The first one I met at Toastmasters. The guy runs a heat pump/air conditioning repair company. While not the kind of business I would probably be good at, just talking to him about how he started his business and how it has evolved was inspiring and educating. Apparently, years back, he was out of work and running out of money with a wife and three kids to feed. So he had to do something and he had to do it fast. He told me that he didn't like fixing heat pumps for apartments and preferred individual residential houses, but when he started out he needed an income fast, so he did whatever work he could find. He always gives his clients a 10% discount of the cost of any work he does, and has built up a client el from word of mouth and the basic advertising he does on the truck he drives. While I didn't ask how much money he makes each year, he said that he has enough business now that he only does private homes and not apartment buildings anymore.

I guess the lesson to learn is that you just need to keep plugging away, working on doing a good job and building a reputation. With a good enough reputation, the word of mouth advertising, which is increasingly becoming the only form people trust, will grow your business. Also, you shouldn't be worried about competition, since by doing a good job and making a name for yourself, there will be enough people willing to pay for quality work to keep you happy.

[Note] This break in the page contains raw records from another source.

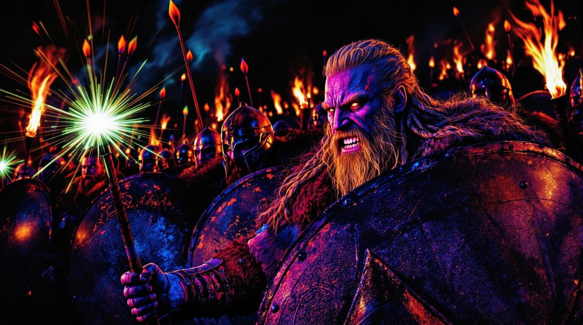 This image depicts Viking warriors in a shield wall, featuring grim faces and battle-worn expressions. The scene is rendered in a stylized Art Nouveau manner with ultraviolet-inspired colors and dramatic lighting.
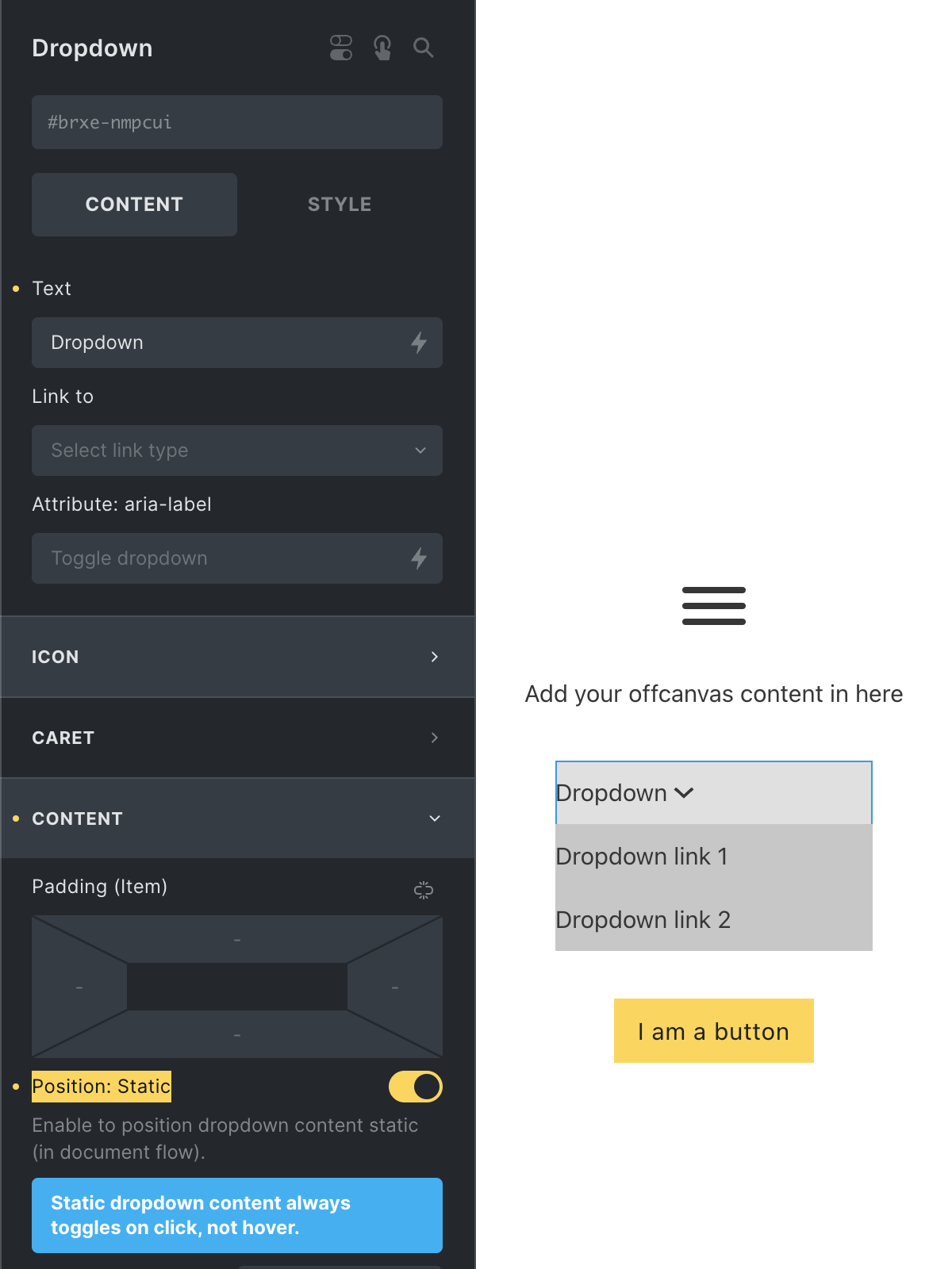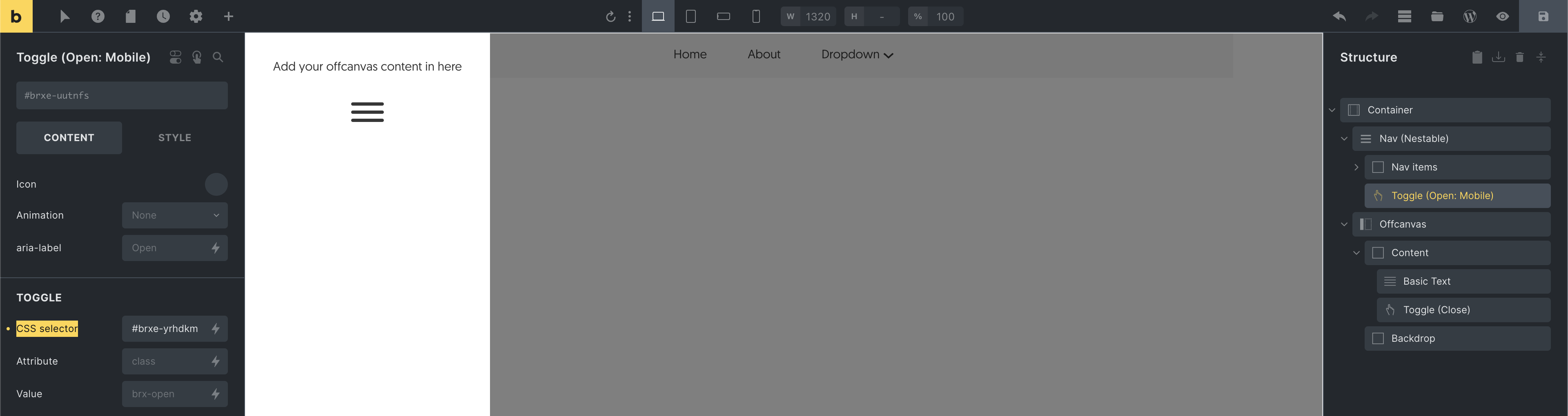 The Toggle automatically detects the Offcanvas or Nav (Nestable) context it is placed in. If you have multiple toggleable elements or want to trigger a specific one, simply enter its “CSS selector” into the control field.
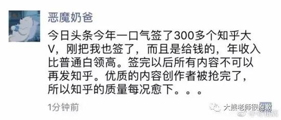 近来伴侣圈除了被腾讯卖画刷屏,剩下的就是在讨论今日头条签约 300 知乎大V的传言了。传言大概意思是今日头条以高于一般白领的价格买断了 300 个知乎大v,让他们只能在头条的悟空问答上回答问题。当然,头条后来体现,不会限制答题者的平台,而知乎则体现,知识无价,高质量分享无法被流水线化定价。更多的人则调侃道,知乎用户平均年薪百万能看上这点钱?
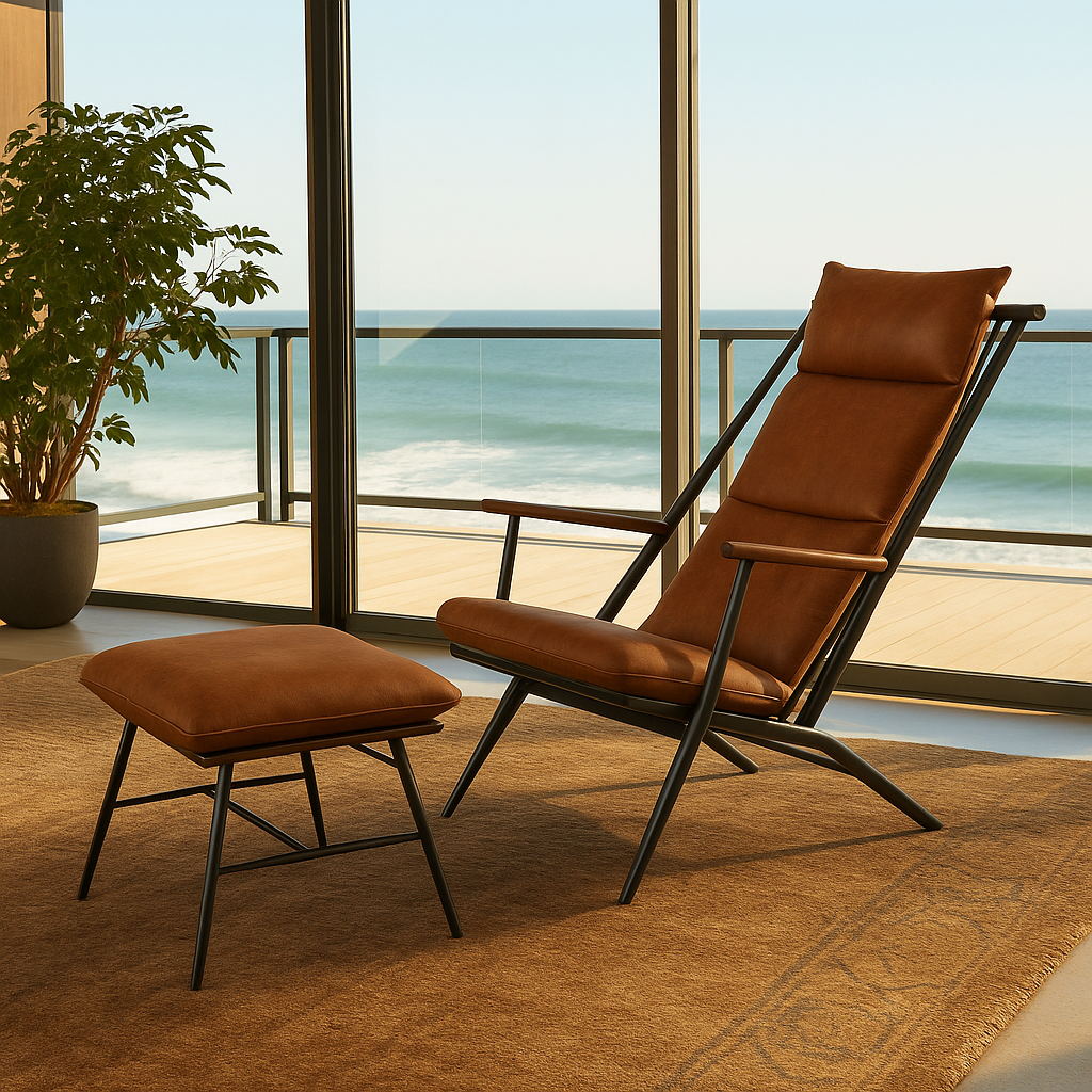 Evoking the quiet dignity of a seasoned mariner’s return, the Fisherman’s Rest Chair is a sculptural homage to endurance, solitude, and grace. Hand-welded steel frames the silhouette with precision, while full-grain leather—finished in a rich oil-wax patina—invites with the softness of down-filled cushions. The reclined angle mimics the posture of rest after long journeys, and the companion ottoman completes the ritual of repose. Each crease in the leather, each curve in the metal, tells a story of wind, salt, and stillness.
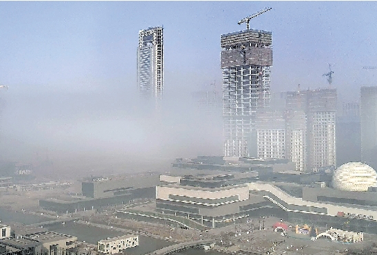 1月6日,浓厚雾霾笼罩宁波东部新城。 胡学军 刘晓庆 摄
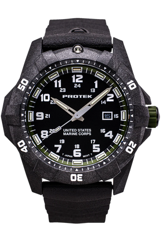 Protek PT1015 – Carbon Dive 1010 Series, Black & Green USMC Military Dive Watch
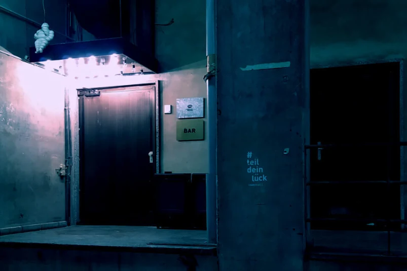 It is a December 30th. It is 10 pm. It is 2 degrees. I walk between the industrial buildings, in a dark backyard a few steps from the Friedrichstrasse. There is nobody there. In the recess of a concrete wall is a door, dimly lit. When you get close enough, you see a bell next to the closed door.
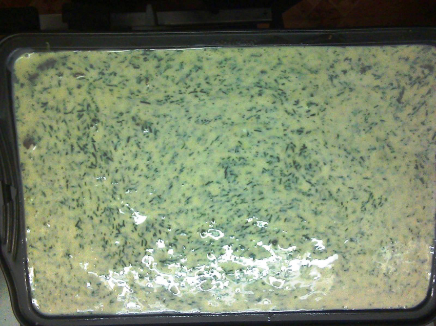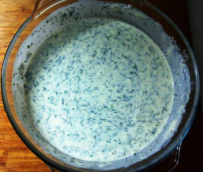 Пока жарится лук, готовим заливку. Взбиваем в миске 2 яйца, добавляем сметану, соль, молотый черный перец и любые специи и сухие травки, которым отдаете предпочтение. Можно добавить свежий мелко нарезанный укроп, его вкус прекрасно сочетается со вкусом капусты и курицы. Все перемешиваем, затем добавляем полную чайную ложку муки и еще раз перемешиваем, чтобы не было комочков. С таким соусом капустная запеканка приобретет приятный аромат специй.
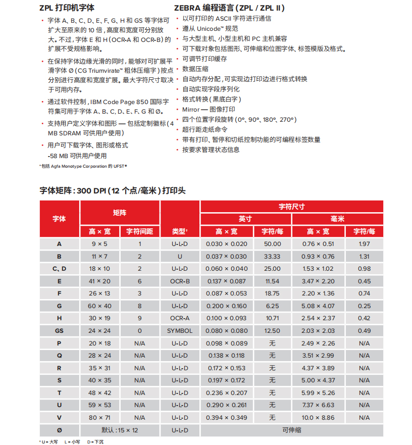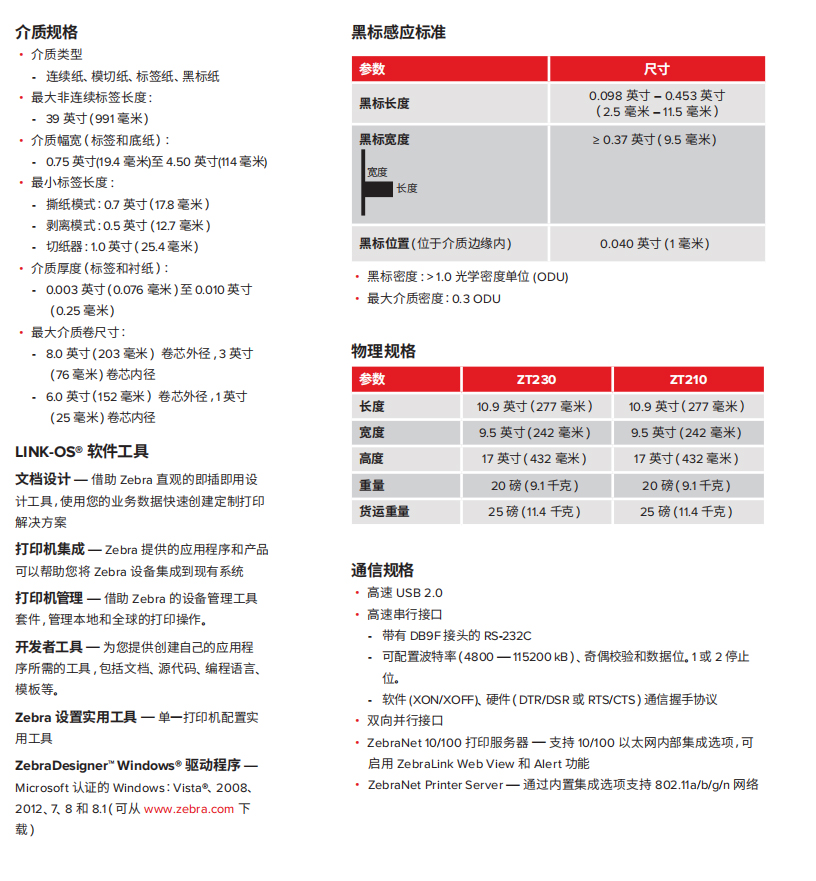 以下規(guī)格僅供參考,并且基于使用Zebraa? 原廠耗材對 ZT200? 工業(yè)系列打印機(jī)所進(jìn)行的測試。測試的結(jié)果會(huì)因?qū)嶋H的應(yīng)用設(shè)置或使用非建議的Zebra品牌耗材而存在差異。Zebra始終建議通過測試來檢驗(yàn)應(yīng)用。
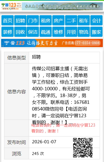 传媒公司招募主播(无需出镜),可兼职日结,简单易学工作轻松,综合工资到手4000-10000,有无经验都可,不限学历。18-38岁,男女不限。联系电话:16768108540微信同号 【电话咨询时,请一定说明在宁晋123看到的,谢谢!】 |
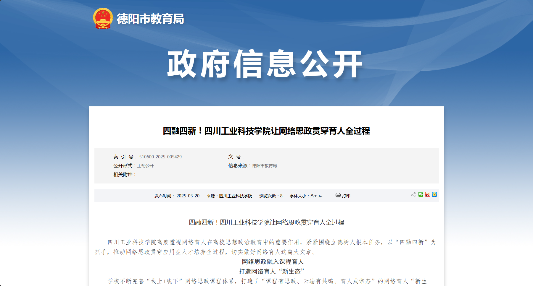 四川工业科技学院高度重视网络育人在高校思想政治教育中的重要作用,紧紧围绕立德树人根本任务,以“四融四新”为抓手,推动网络思政贯穿应用型人才培养全过程,切实做好网络育人这篇大文章。
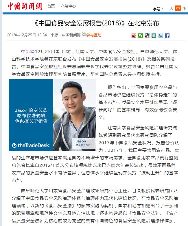中国新闻网:《中国食品安全发展报告(2018)》在北京发布

The second one turned out to be a coworker of mine. Apparently he created a small software client, a web service that it sends messages to, and a website where people can sign up for the software and service. It all seems simply now that he has it in place, and there are lots of ways for him to expand his services. The wider benefit from it, other than the added income, is that putting in the time and effort to make the business has taught him new skills and kept him sharp in different areas. I'm not sure how much money it pulls in, but an automated, subscription based service seems like a perpetual money making machine after the upfront cost and effort.

I guess the lesson to learn is to keep practicing to keep your skills up, but find a way to do it that benefits you outside of just your job. With a little bit of foresight and the willingness to put the time and effort into learning new things and making something that could be useful, not only do you gain confidence but you can gain comfort as well.

I'm glad to meet more and more entrepreneurs because it challenges me to keep going. Also, they are very open and encouraging, willing to offer up advice about what they did or what to avoid doing.